### Activity
Within the lines below, the span from the line with "This page presents" to the line with "把无订单退料入库确认权限开启 如下图: 把其他退料入库管理开启", both ends included, is to be reproduced exactly, with pictures omitted.
##### Data for processing
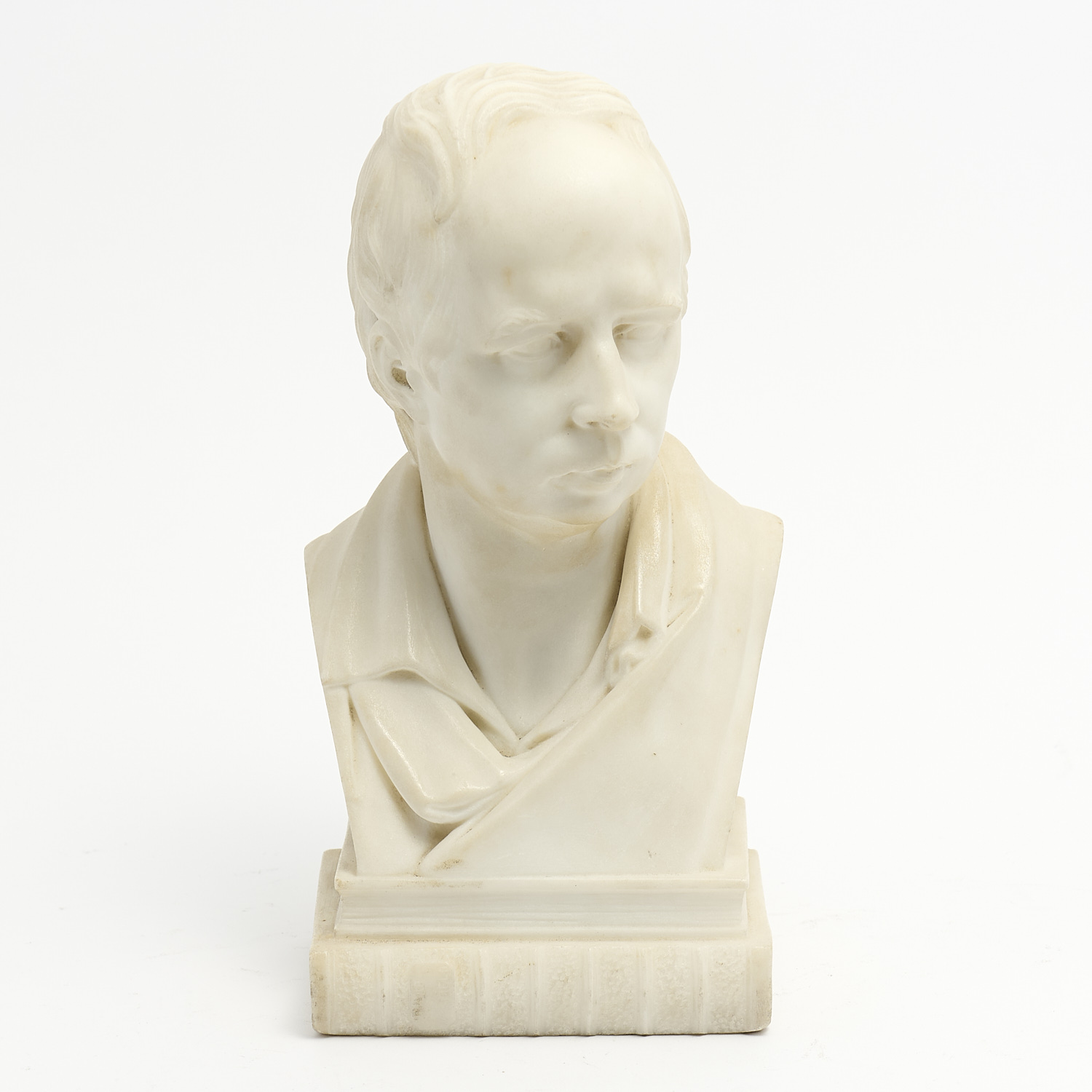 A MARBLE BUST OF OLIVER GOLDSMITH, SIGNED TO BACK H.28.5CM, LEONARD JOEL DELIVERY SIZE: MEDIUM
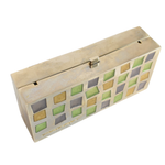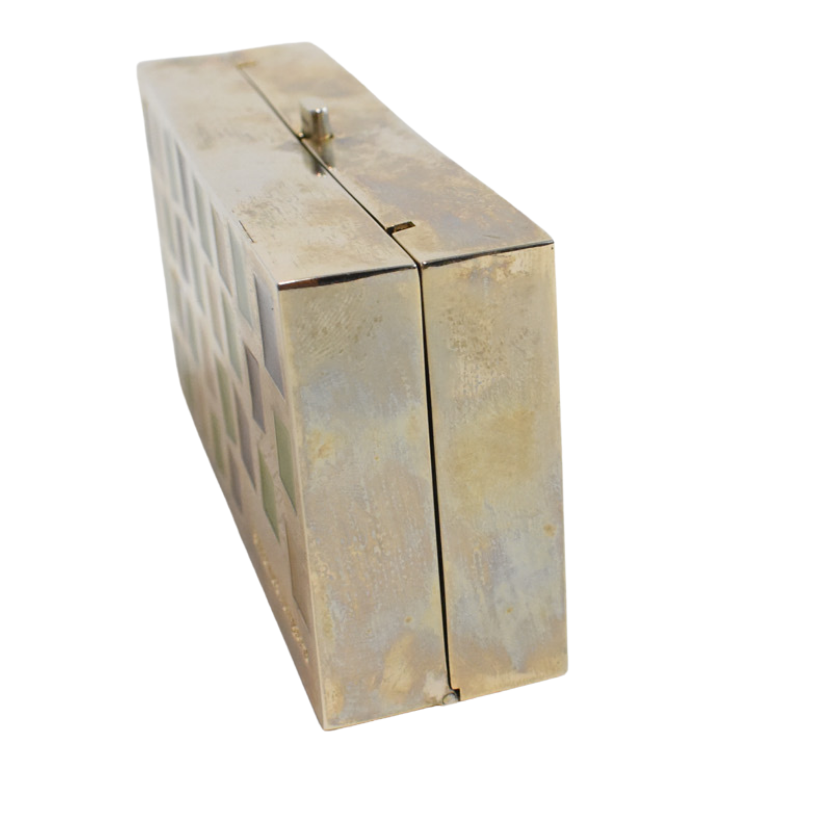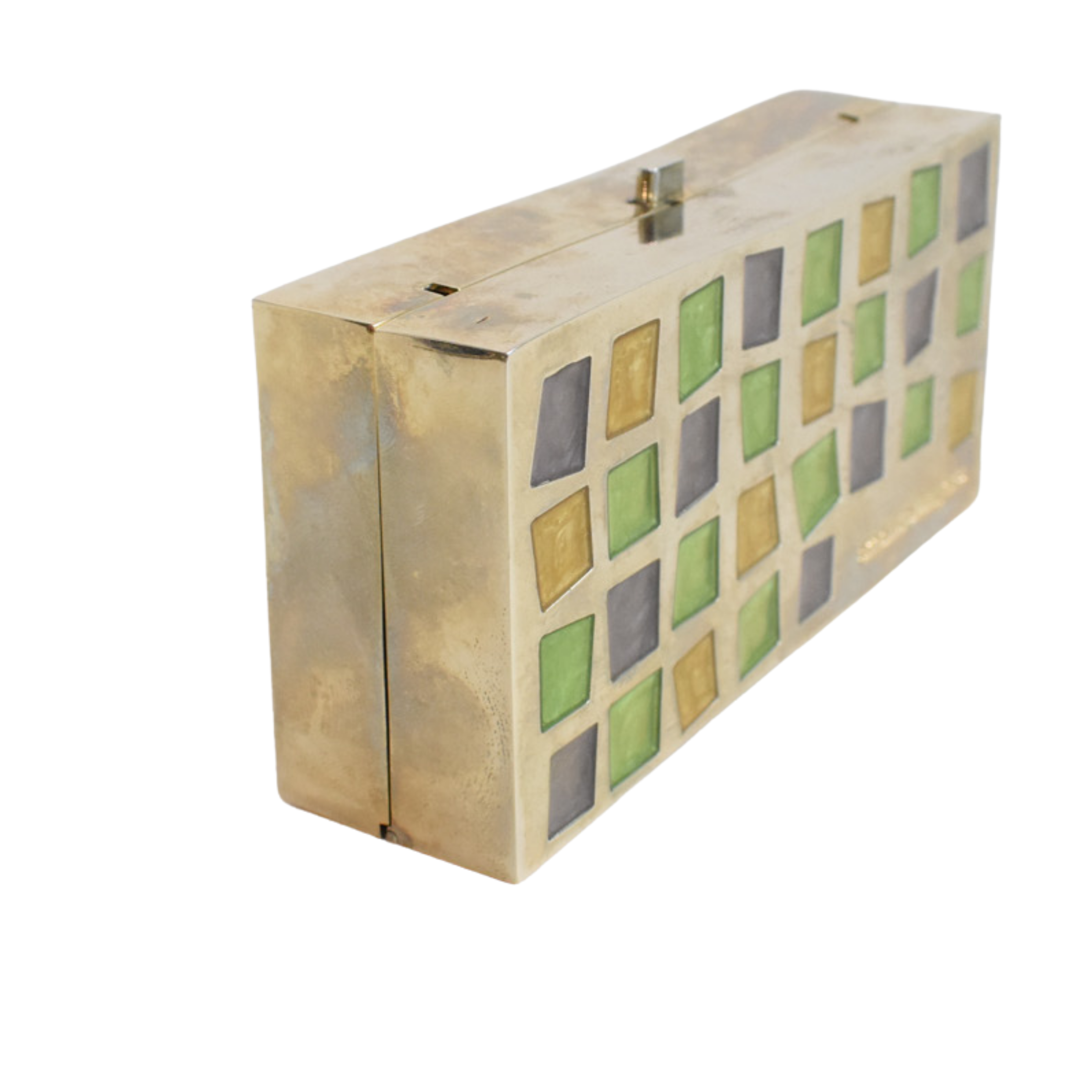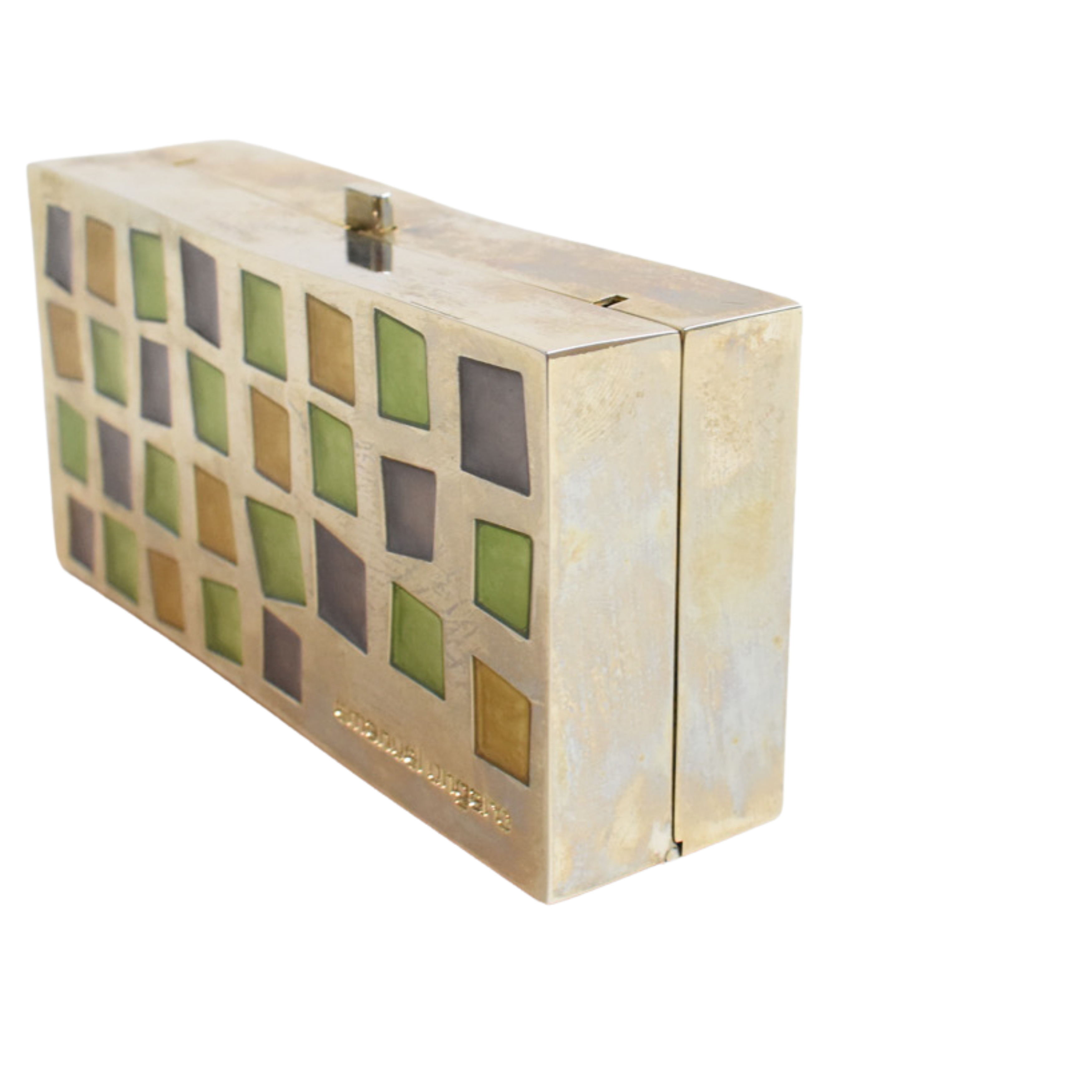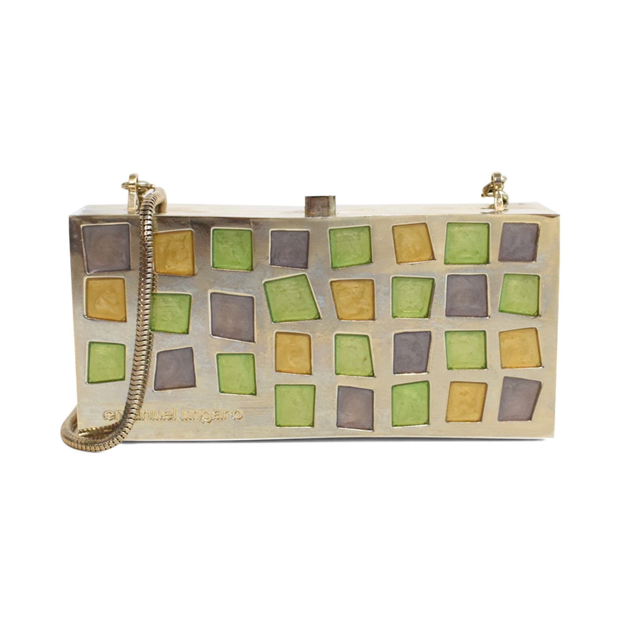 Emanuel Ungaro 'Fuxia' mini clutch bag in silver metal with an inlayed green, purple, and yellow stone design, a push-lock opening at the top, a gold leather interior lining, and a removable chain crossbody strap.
##########
##### Data for processing
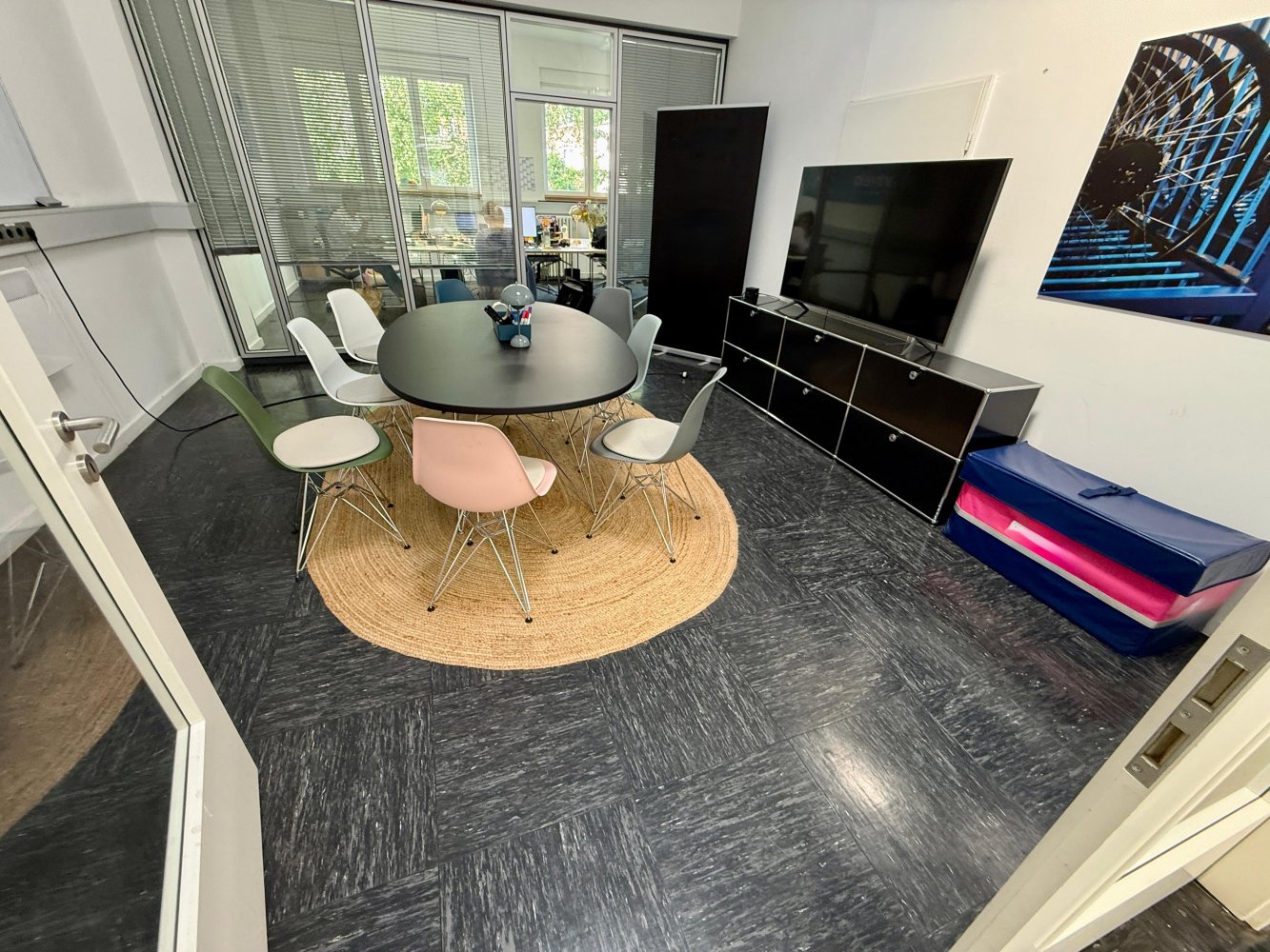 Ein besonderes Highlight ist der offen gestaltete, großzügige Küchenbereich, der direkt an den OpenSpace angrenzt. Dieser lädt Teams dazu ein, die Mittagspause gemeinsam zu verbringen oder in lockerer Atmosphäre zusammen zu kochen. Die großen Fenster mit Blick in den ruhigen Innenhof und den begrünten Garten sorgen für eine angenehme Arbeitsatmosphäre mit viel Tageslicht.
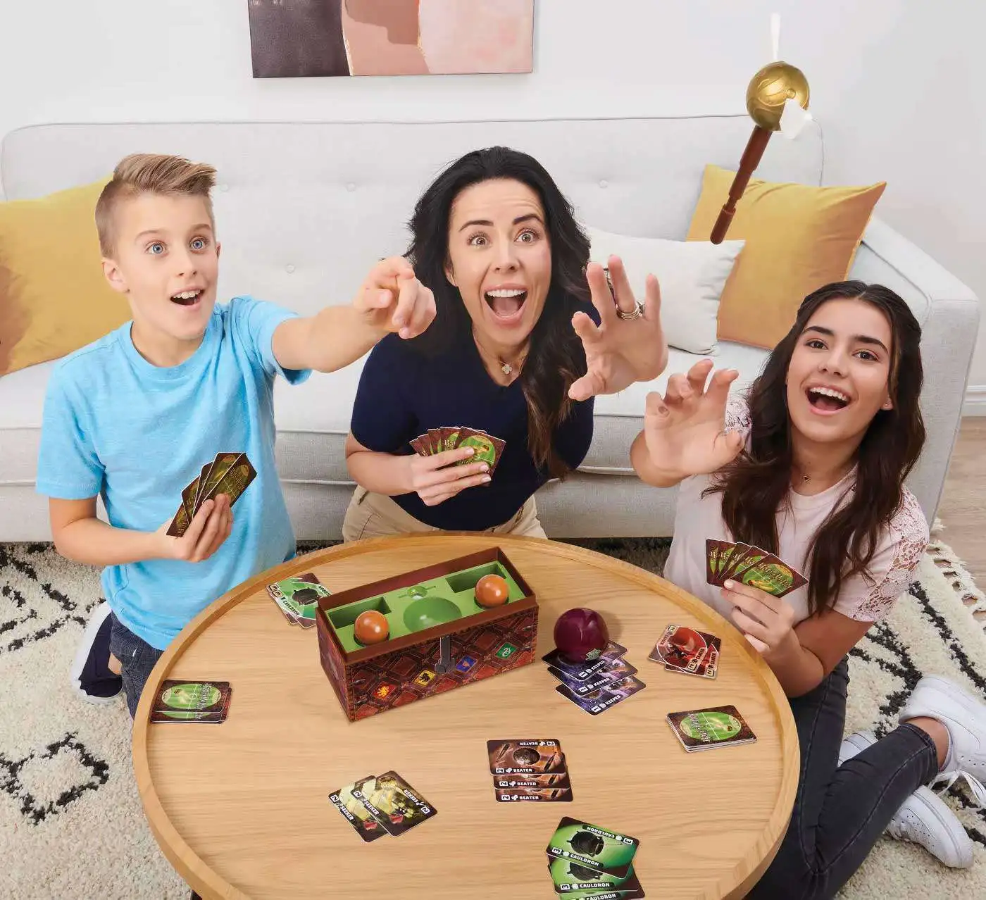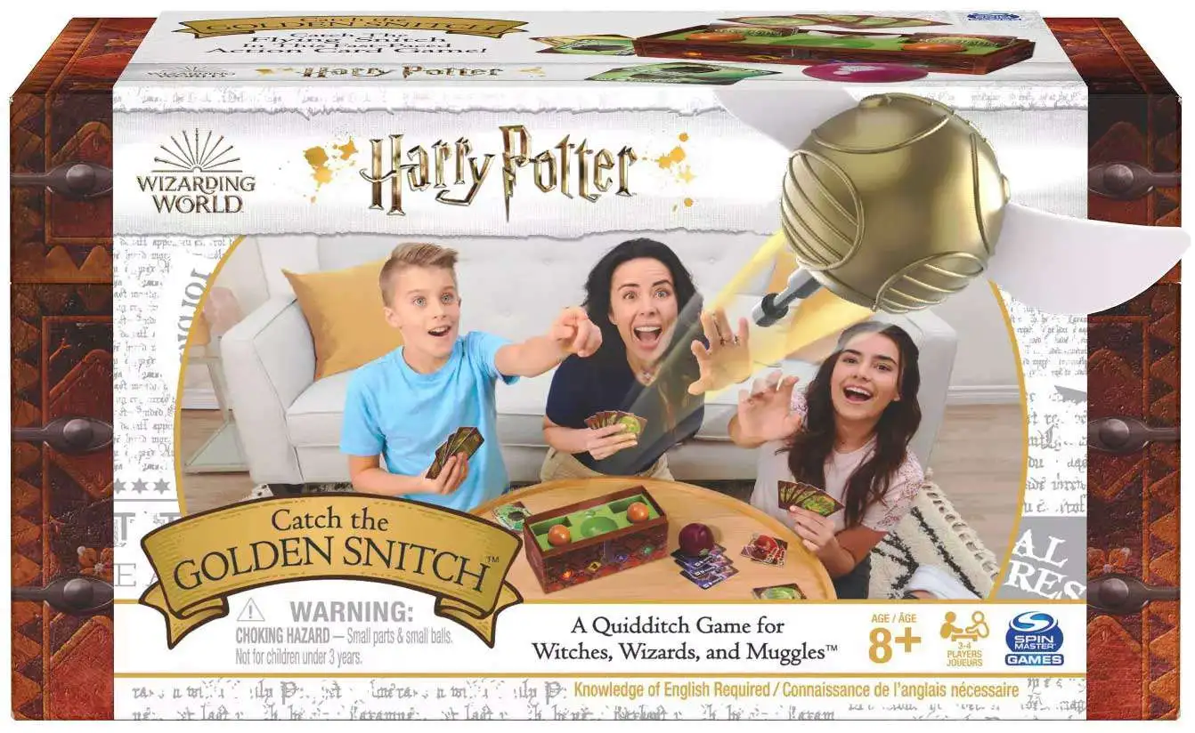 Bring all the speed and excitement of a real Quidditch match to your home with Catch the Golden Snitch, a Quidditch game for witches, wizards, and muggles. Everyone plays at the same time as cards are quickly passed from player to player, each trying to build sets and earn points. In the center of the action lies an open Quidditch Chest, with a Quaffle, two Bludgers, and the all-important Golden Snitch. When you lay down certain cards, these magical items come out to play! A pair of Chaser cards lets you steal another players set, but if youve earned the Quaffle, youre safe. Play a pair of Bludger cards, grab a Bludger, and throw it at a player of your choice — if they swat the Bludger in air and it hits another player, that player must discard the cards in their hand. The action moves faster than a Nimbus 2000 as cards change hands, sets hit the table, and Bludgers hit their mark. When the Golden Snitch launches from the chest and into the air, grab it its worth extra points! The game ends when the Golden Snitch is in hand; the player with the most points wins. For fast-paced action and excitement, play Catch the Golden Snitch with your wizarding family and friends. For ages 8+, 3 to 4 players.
##########
##### Data for processing
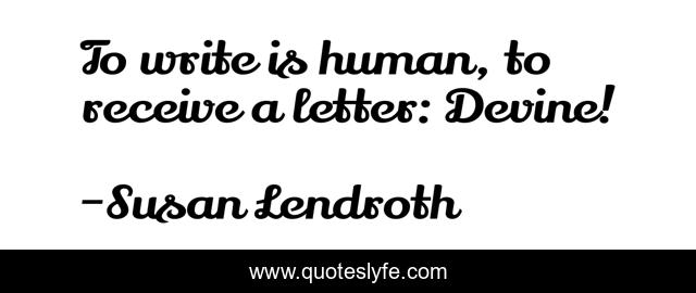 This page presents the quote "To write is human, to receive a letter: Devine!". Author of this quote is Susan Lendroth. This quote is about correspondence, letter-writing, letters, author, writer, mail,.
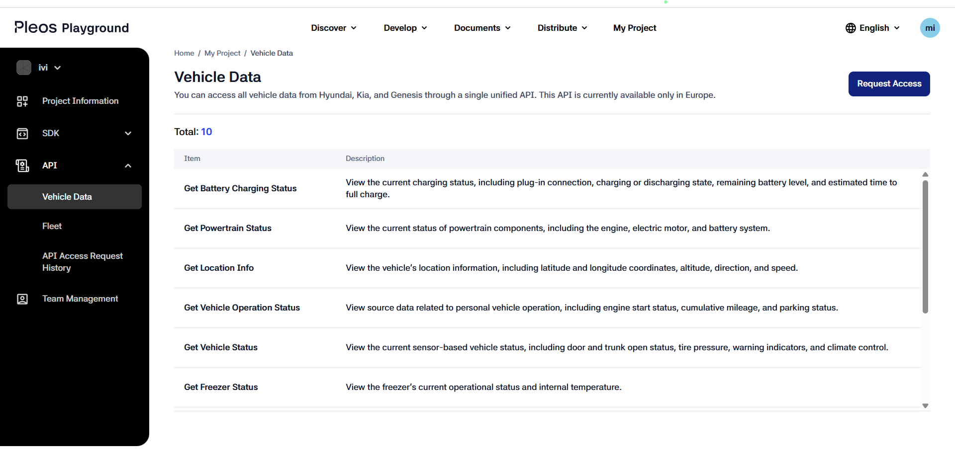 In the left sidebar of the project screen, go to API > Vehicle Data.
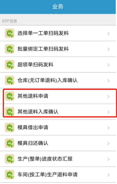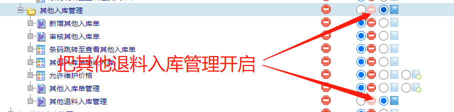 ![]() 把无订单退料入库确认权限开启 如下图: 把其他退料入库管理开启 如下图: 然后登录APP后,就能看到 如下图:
##########
### Result of this task
 This page presents the quote "To write is human, to receive a letter: Devine!". Author of this quote is Susan Lendroth. This quote is about correspondence, letter-writing, letters, author, writer, mail,.
 In the left sidebar of the project screen, go to API > Vehicle Data.
 ![]() 把无订单退料入库确认权限开启 如下图: 把其他退料入库管理开启 如下图: 然后登录APP后,就能看到 如下图:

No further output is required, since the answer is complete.